After the prices of honey touch a sweet low, pulses may soon follow suit. Food and Consumer Affairs Minister said that the wholesale prices of pulses are falling and consumers may also have shell out a little lesser in the coming days.
Unlike the case of honey, where the major cause was an increase in domestic output, pulse prices will experience the slump as a result of the government stepping into to start procuring pulses from farmers in cases where the prices are being quoted below the minimum support price. This change will first be seen in moong prices.
Image: DNA India
“Due to the government’s efforts, pulses’ prices are correcting. Some pulses, like moong, are selling below the minimum support price. You will soon see a price correction in retail markets,” Paswan revealed on Thursday, speaking on the sidelines of industry lobby FICCI’s sixth annual convention on retail, FMCG and e-commerce.
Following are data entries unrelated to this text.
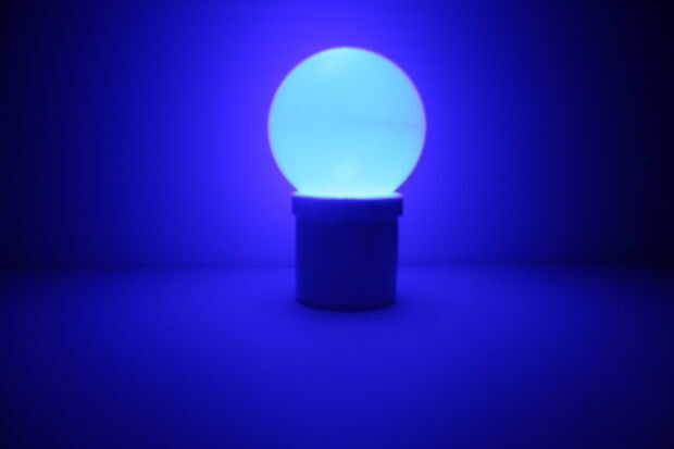 Utilizamos a la izquierda sobre el trozo de tubo de PVC para colocar la "bombilla" en. Puede no parecer lo que tanto en la imagen pero realmente parece una viejo regular bombilla (incandescente). Asegúrese de que el imán y la batería en el PVC y su lugar, si lo desea.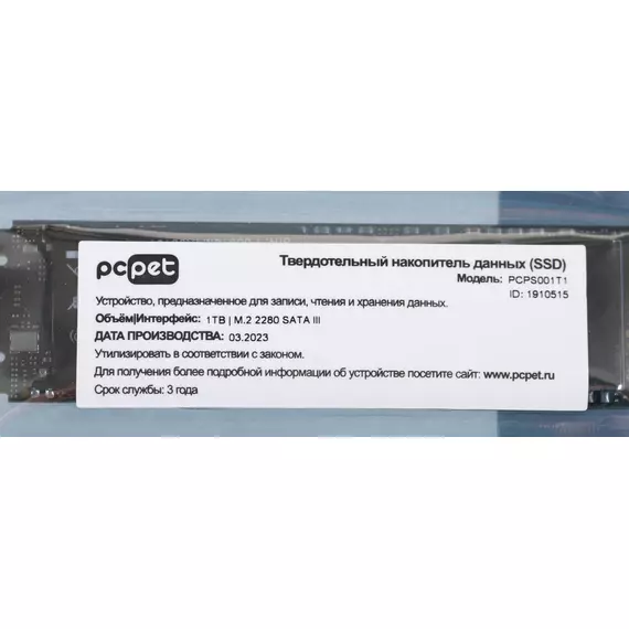 SSD-накопитель PC Pet 1Tb SATA-III M.2 2280 OEM [PCPS001T1]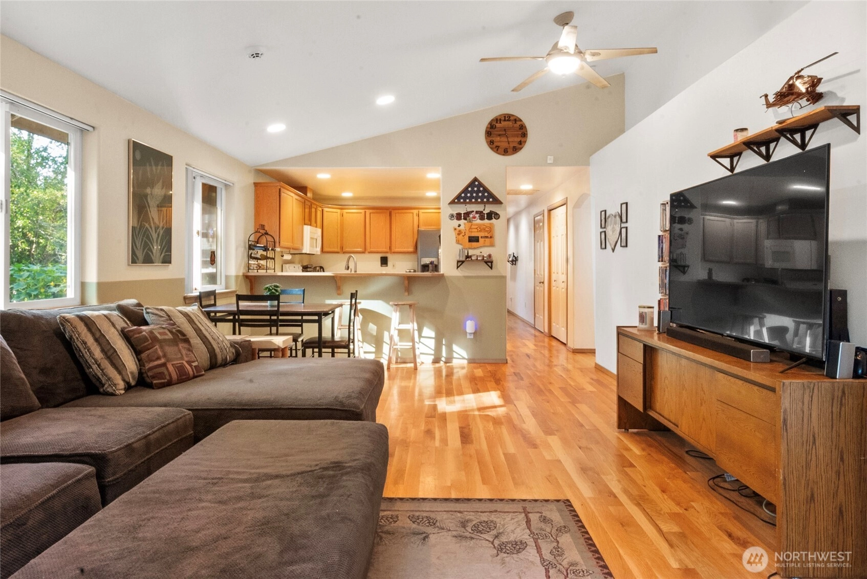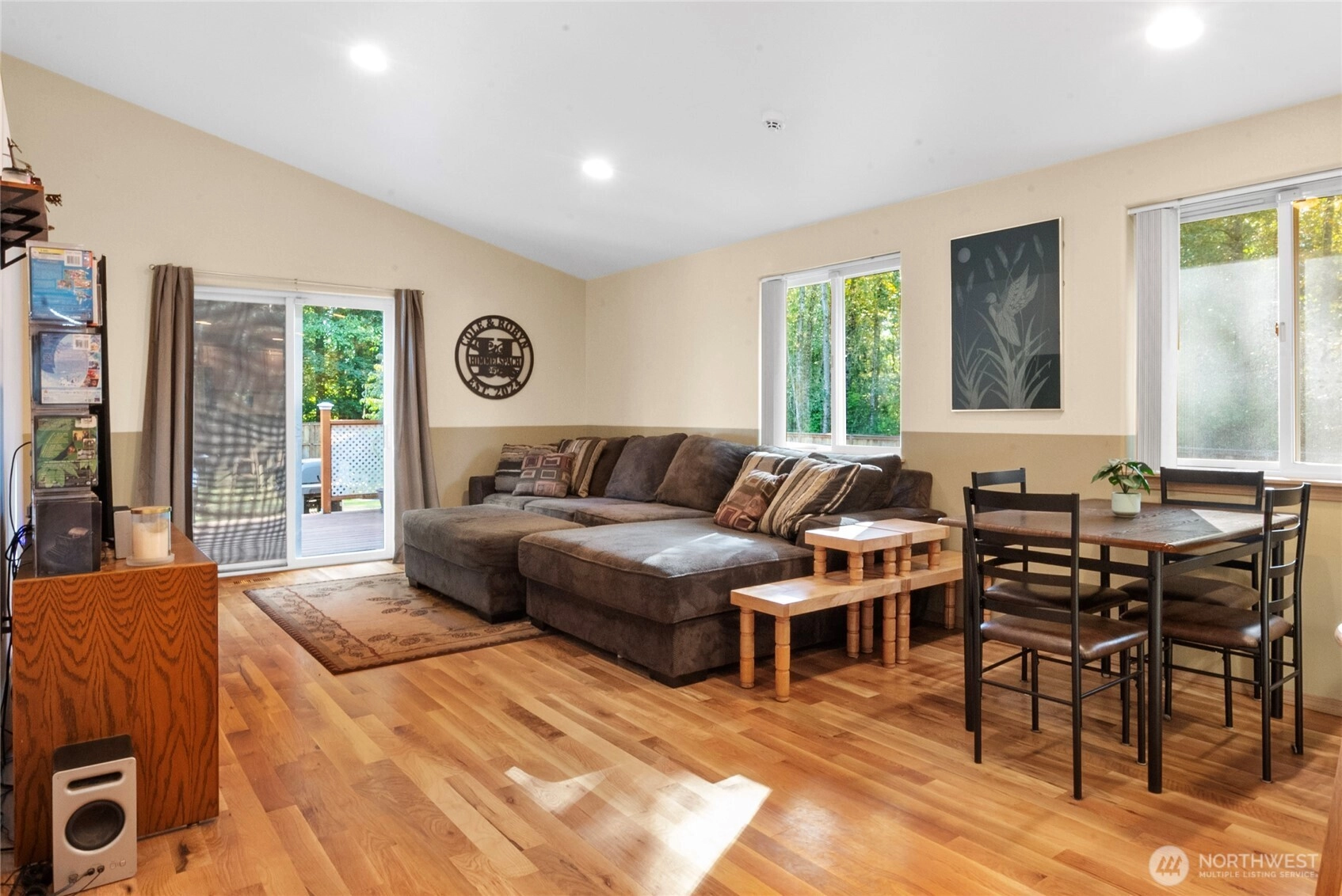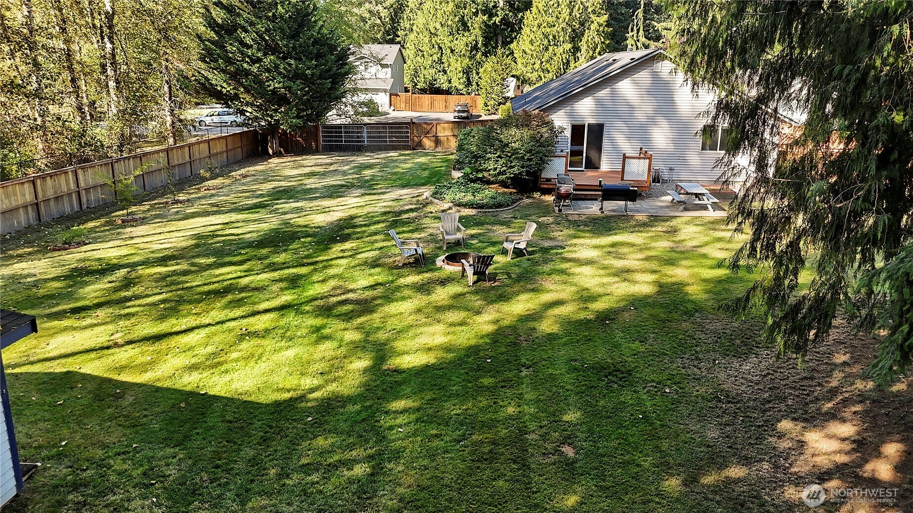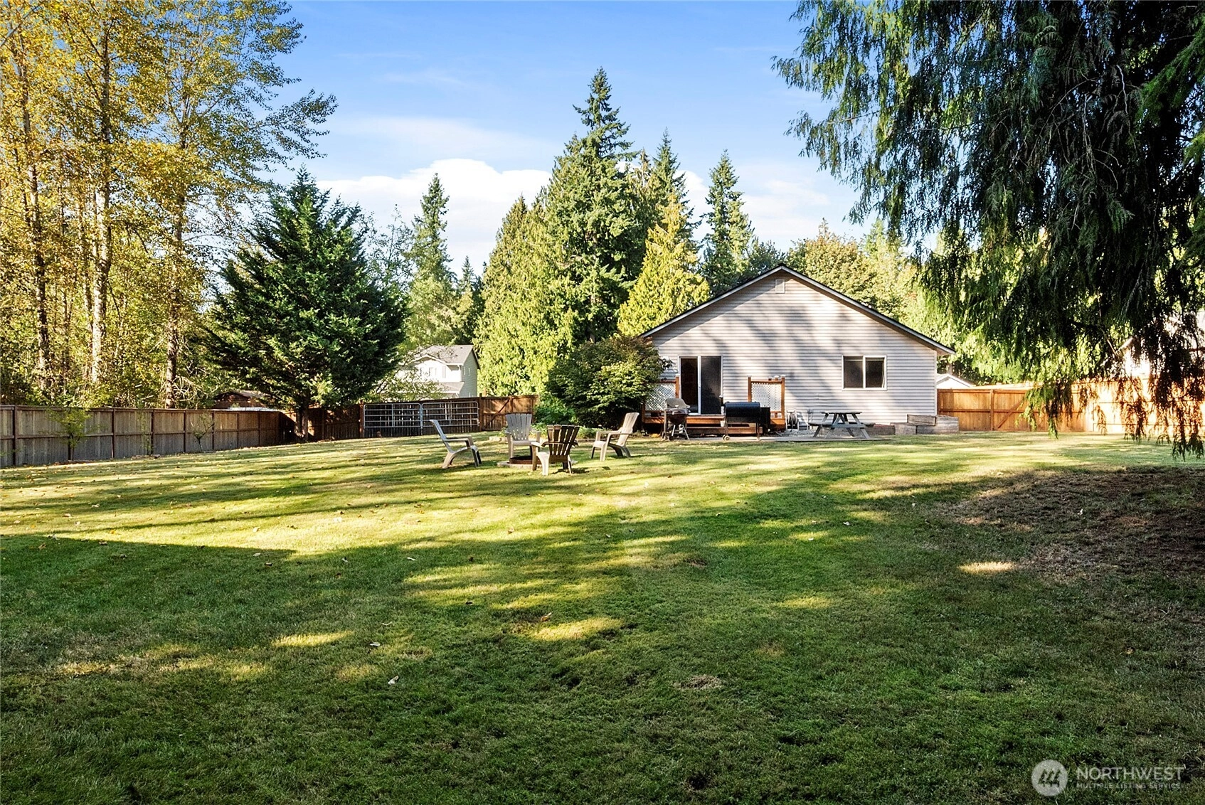 This well-maintained rambler in the sought-after Kackman Creek neighborhood is situated on a nearly half-acre lot backing to private greenspace. Enjoy a south-facing, level, and fully fenced backyard with an outdoor wood-fired sauna, RV/boat pad, dog run, and a 12x12 shed. Inside, you're greeted by beautiful white oak floors and plenty of natural light throughout. The spacious living room features vaulted ceilings, and the kitchen is perfect for everyday living. Primary suite with an attached bath and walk-in closet. With a newer roof (2023), a 2-car garage, 50 acres of walking trails, and easy access to Hwy 9 & I-5, this home offers the perfect balance of quiet living and convenience.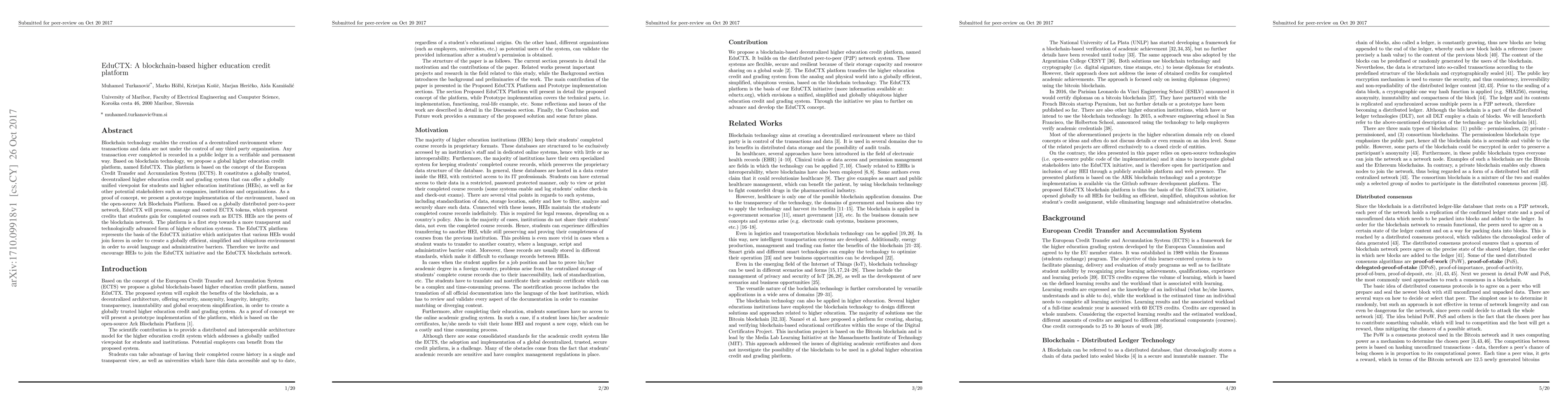 EduCTX proposes a blockchain-based platform for a decentralized, globally trusted higher education credit system inspired by the European Credit Transfer and Accumulation System (ECTS). The platform aims to create a transparent, unified, and efficient environment for students, institutions, and other stakeholders.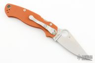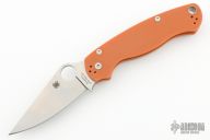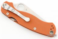 This Paramilitary 2 Linerlock Folder from Spyderco has a satin finished clip point Rex45 blade with thumbhole and notched thumb rest. Handle has orange g10 with nested stainless steel liners and stainless steel clip. Comes with original box and papers. Excellent condition.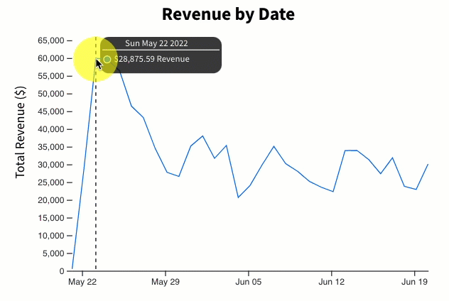 View a breakdown of total revenue by date. You can move your mouse along the graph to view the specific date and amount.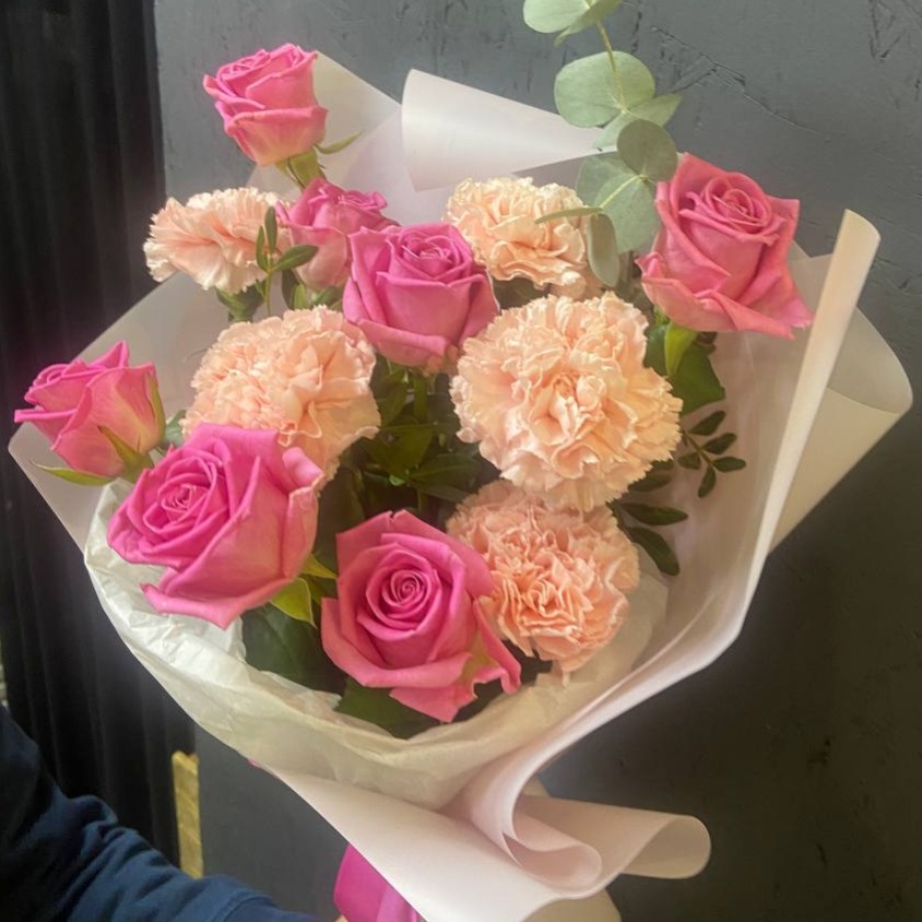Нежный букет в современном стиле, розы розовые и нежные диантусы с прекрасным запахом эвкалипта подарят самые яркие впечатления!
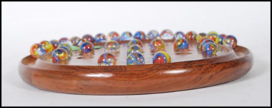 A 20th Century solitaire board game having a full set of coloured swirl glass marbles on a circular oak base.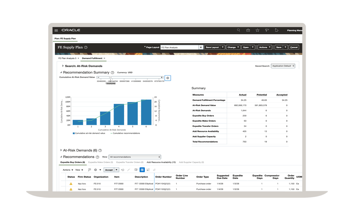 Oracle Supply Planning 能確定滿足需求所需的庫存、產能和物料供應,包括直接出貨、接單採購和合約製造項目。該解決方案還能標明可能導致需求面臨風險的需求壓縮、材料短缺和資源超載等異常情況。在選擇加速措施、擴增產能或其他干預措施時,您可以看到這些措施對財務和客戶服務的潛在影響。
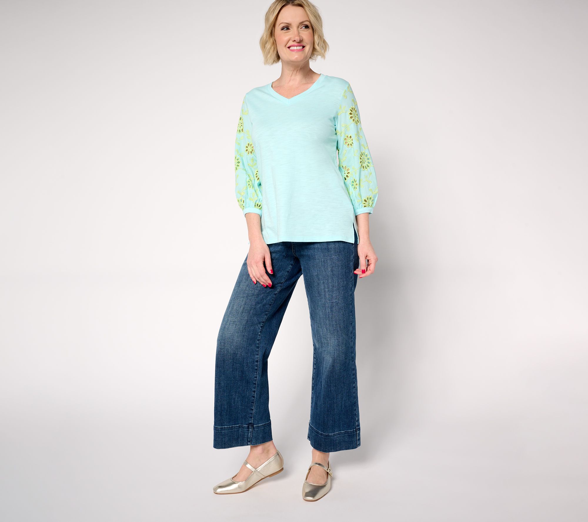eyelets on you! Let your playful side show in a slub knit top that's as effortlessly as your favorite tee. From Belle by Kim Gravel.

Paswan also said that a lot of farmers have started approaching him in order to be pulled out of the distress situation. “The government will buy pulses from farmers. We boosted farmers’ morale by increasing MSP. I want to assure farmers that we are there for them,” he said.
Image: Financial Express
According to the government’s numbers, currently tur dal is being sold at Rs 170 a kg, urad at Rs 175 a kg, moong at Rs 130 a kg, gram at Rs 120 a kg and masoor dal at Rs 115 a kg in retail markets.
Earlier this week, an interministerial committee led by consumer affairs secretary Hem Pandey has directed government organizations NAFED and Food Corporation of India to present a state-wise road map based on the procurement of new pulse crops. For starters, the two agencies will begin with procuring moong in Karnataka immediately at the Minimum Support Price (MSP) and bonus as the new crop has started to arrive. The agencies have been told to ensure direct payment to the farmers post procurement of crops.
The government has also tacked pulse production at an impressive 20 million tonnes in the crop year 2016-17. This number is way higher than last year’s 16.47 million tonnes.
Image: Wherry & Sons
Meanwhile, the third week of September will see a meeting to discuss the ban on sugar trading. This move will come directly after a study being done by market regulator Sebi and the finance ministry is completed. In the case of wheat though, the country has enough stocks and therefore no decision has been taken on scrapping import duty.